– Горя, сын? – опешил Северьян.
– Не сын я тебе, а ты мне не отец! – прохрипел мертвец и дуло черное, ружейное направил в грудь Северьяна.
Вздрогнул от выстрела Северьян, пятерней зажал рану на груди, но сквозь ладонь пролилась на снег рдяная брусника.
– Уйди, провались в черную прорву! Богом заклинаю… уйди! – крикнула Стеша.
– Дай млека земного отведать – и уйду… Навеки уйду! – пообещал мертвец.
И свершилось по слову Черного Кама: шагнул костяной призрак к Стеше и припал к ее нетронутой груди. Смертный холод проник в живую плоть от мертвых губ, но сердце святое, материнское, в эту минуту пожалело и простило Горю, брызнули из глаз мертвеца гнойные слезы, и рассыпался кромешник ворохом истлевших костей.
Роняя кровь, доползла Стеша до притока Учи, одной рукой волоча Северьянов тулуп со спеленатым младенцем: романовская овчина тем знаменита, что в воде не мокнет, упасет звездочку от стылых осенних вод. На волне овчина высоко вздулась и приподняла ребенка. Ласково баюкали ладони Учи новорожденную, качали колыбель из золотого руна и уносили вниз по течению.

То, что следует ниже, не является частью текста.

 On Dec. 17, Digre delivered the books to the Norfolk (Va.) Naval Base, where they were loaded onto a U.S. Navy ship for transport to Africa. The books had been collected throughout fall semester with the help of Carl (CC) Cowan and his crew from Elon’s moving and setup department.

Едва хватило Стешиных сил вернуться обратно, к догоревшему костру. Слабеющей ладонью провела она по лицу Северьяна, навсегда закрывая любимые очи, и обняла его, мертвого.
– Любый мой, любый, – прошептала она. – Никогда я больше тебя не покину, рядом буду…

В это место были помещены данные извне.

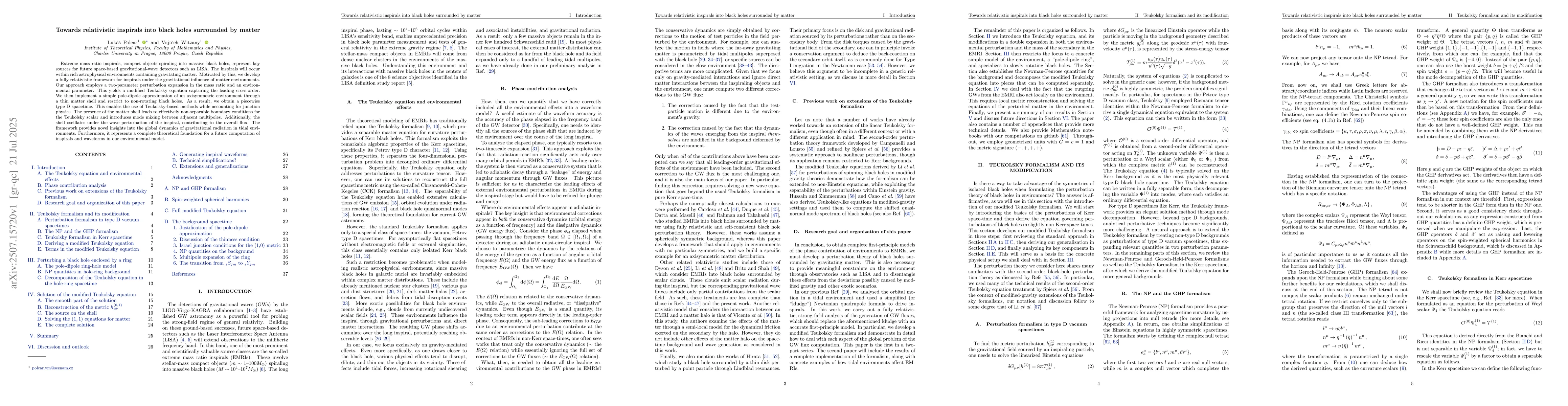 This research presents a comprehensive relativistic framework for inspirals into black holes surrounded by matter, capturing leading-order environmental effects not previously addressed in existing literature.

Отвернула Стеша лицо от огня и глаза уже больше не закрывала: вышла душа из измученного тела. Так они, обнявшись, до весны и лежали. Медведь-шатун не тронул их тел, и лесное зверье обошло стороной круг из восьми остывших костров. Сошел снег, и там, где пролились на землю млечные капли, высыпали на белый свет таежные колокольцы, безымянные цветы.
Нашли Северьяна и Стешу на лебединый лет двое охотников из Усть-Цельмы и схоронили в одной могиле. По обычаю староверов вырыли печору под еловым комлем и заровняли… Ель не сосна, шумит неспроста, много помнит и знает, и слышен в ее ветвях невнятный шепот душ, отошедших от земного берега.
Начало зимы 1917 года
По лесной дороге резво рысила тройка ездовых оленей и несла легкую расписную расшиву. Щеголеватый кучер в красном кафтане дремал под звон бубенчиков. В люльке расшивы, закутанная в рысий мех, сидела сама Эден-Кутун – Хозяйка Ворги.

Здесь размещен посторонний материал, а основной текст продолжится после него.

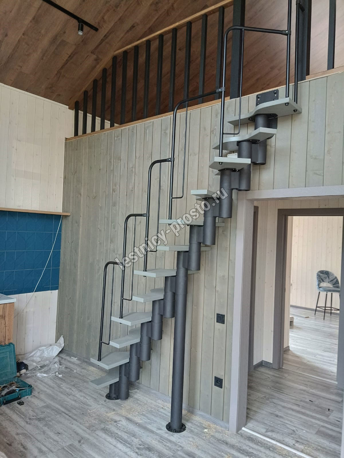 соответствует картинке, но вы не ограничены в его выборе. Лестницу можно приобрести и без ограждения, и с любым другим. Устанавливать на такую лестницу можно почти всё, начиная от классических деревянных балясин и заканчивая эксклюзивными коваными изделиями.

Вставало солнце, серебристой овчиной курчавились ближние сопки, и далекие склоны Чомбе зажглись утренним румянцем. Под высоким берегом парила вода, там черным клинком изогнулась Уча. На стремнине волны сходились острым хребтом, живым, подвижным гребнем, и волокли вниз по течению рыжий тулуп. На тулупе покачивался туго спеленатый кокон.
– Проснись, Илимпо, – вдруг закричала Хозяйка. – Видишь? Там, у порогов!
Быстрое течение реки кружило плот из овчины. Он обходил мели и колыхался на перекатах, грозя зацепить рукавом сухие хищные сучья, протянутые к воде. Илимпо выкатился из саней и, прыгая на валунах, поскакал вниз, к воде. Концом палки-каюра он зацепил тулуп и вытащил на отмель, не решаясь тронуть находку.
Хозяйка сама остановила оленей, подбежала к отмели и наклонилась над ребенком. Укачала волна младенца, и тихо спал он, завернутый в тугой свиток из родительских одежд.
– Земной поклон, дочь Воравы, – прошептала Хозяйка.
Она долго и безмолвно смотрела на личико новорожденной, потом закрыла глаза.
– Я – как Ты, – качнула она темными косами и повторила: – Яко Ты!
Тихий голос Камы качнул ближние кедры в пуховых оплечьях, и проснулось в скалах долгое эхо.
– Якуты… Якуты… – позвали таежные глубины.
И детские черты вдруг стали плавиться и меняться. В их мягких, едва намеченных линиях отразилась Кама: ее темные раскосые глаза с прямыми густыми бровями, красивые губы и бледный величавый лоб.
Кама развернула туго спеленутый свиток, раскрыла полы сорочки Северьяна, и под ее взглядом на ножке младенца проступила родовая отметина, похожая на тонкую извилистую змейку.
Высоко в заснеженных ветвях нежно присвистнула таежная птица, сверкнула жемчужно-сизым пером, и еловые лапы, густо присоленные инеем, уронили радужную пыльцу и осыпали овчину звездами-снежинками.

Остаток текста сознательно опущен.